上面的开发消息监听器OpenAccountKafkaListener实现了接口org.springframework.kafka.listener.MessageListener,有另外一个接口org.springframework.kafka.listener.ConsumerAwareMessageListener实现了这个接口,这个接口源码如下:
@FunctionalInterface
public interface ConsumerAwareMessageListener<K, V> extends MessageListener<K, V> {
// 看这个方法的定义,增加了"default",即我们的业务类如果实现这个这个接口,就不需要实现这个接口,而只需要实现下面的接口即可,下面的接口有Consumer,我们就能主动执行同步提交或者异步提交了
@Override
default void onMessage(ConsumerRecord<K, V> data) {
throw new UnsupportedOperationException("Container should never call this");
}
@Override
void onMessage(ConsumerRecord<K, V> data, Consumer<?, ?> consumer);
}
- 消息处理(第二版)
@Component
public class OpenAccountKafkaListener implements ConsumerAwareMessageListener<String, String> {
private final Logger logger = LoggerFactory.getLogger(this.getClass());
@Override
public void onMessage(ConsumerRecord<String, String> record, Consumer<?, ?> consumer) {
logger.info("Receive msg with consumer: {}", record.value());
OpenAccount mqInput = JSON.parseObject(record.value(), OpenAccount.class);
try {
//TODO 拿到开户信息后, 可以送积分, 送优惠券等
} finally {
// 消息处理完后异步提交
consumer.commitAsync((offsets, exception) -> {
if (exception==null){
// offsets需要用gson序列化输出
logger.info("The offset info of commit async: {}", GsonUtils.format(offsets));
}else{
logger.error("Commit async failed. ", exception);
}
});
}
}
}
深入发送消息
前面已经介绍了如何使用kafka生产者发送消息,以及如何用消费者接收消息,包括原生方式和spring集成方式,接下来我们跟踪源码看看消息在调用KafkaProducer中的send()后发送到kafka broker之前需要经过哪些处理。
- 拦截器
无论是同步调用send(),还是异步调用send()发送消息,最终都是调用下面的方法:
@Override
public Future<RecordMetadata> send(ProducerRecord<K, V> record, Callback callback) {
// intercept the record, which can be potentially modified; this method does not throw exceptions
ProducerRecord<K, V> interceptedRecord = this.interceptors.onSend(record);
return doSend(interceptedRecord, callback);
}
由这段代码可知,消息发送前第一步就是调用拦截器(如果有的话),拦截器可以对消息进行加工。
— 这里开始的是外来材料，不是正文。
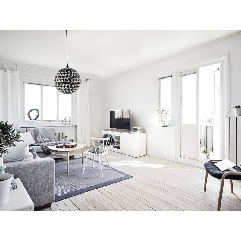 Su cable transparente de PVC permite que la lámpara destaque visualmente sin interrupciones, manteniendo la pureza estética del conjunto. La estructura metálica le proporciona solidez y durabilidad, mientras que el acrílico asegura ligereza y una luminosidad difusa, perfecta para crear ambientes acogedores.

后面会单独有一篇文章详细的分析拦截器。
接下来调用doSend()方法,源码如下:
private Future<RecordMetadata> doSend(ProducerRecord<K, V> record, Callback callback) {
TopicPartition tp = null;
try {
// first make sure the metadata for the topic is available
// 得到集群信息和已经消耗的时间
ClusterAndWaitTime clusterAndWaitTime = waitOnMetadata(record.topic(), record.partition(), maxBlockTimeMs);
// 根据参数max.block.ms和已经消息的时间差,得到剩余时间
long remainingWaitMs = Math.max(0, maxBlockTimeMs - clusterAndWaitTime.waitedOnMetadataMs);
// 集群信息本地变量化
Cluster cluster = clusterAndWaitTime.cluster;
// 序列化key
byte[] serializedKey = keySerializer.serialize(record.topic(), record.headers(), record.key());
// 序列化value
byte[] serializedValue = valueSerializer.serialize(record.topic(), record.headers(), record.value());
// 选择分区
int partition = partition(record, serializedKey, serializedValue, cluster);
tp = new TopicPartition(record.topic(), partition);
setReadOnly(record.headers());
Header[] headers = record.headers().toArray();
int serializedSize = AbstractRecords.estimateSizeInBytesUpperBound(apiVersions.maxUsableProduceMagic(),
compressionType, serializedKey, serializedValue, headers);
// 发送的消息size不允许超过max.request.size和buffer.memory两个参数的值
ensureValidRecordSize(serializedSize);
// 得到消息发送时间,默认为当前时间,除非构造ProducerRecord时指定了timestamp
long timestamp = record.timestamp() == null ? time.milliseconds() : record.timestamp();
log.trace("Sending record {} with callback {} to topic {} partition {}", record, callback, record.topic(), partition);
// producer callback will make sure to call both 'callback' and interceptor callback
Callback interceptCallback = new InterceptorCallback<>(callback, this.interceptors, tp);
if (transactionManager != null && transactionManager.isTransactional())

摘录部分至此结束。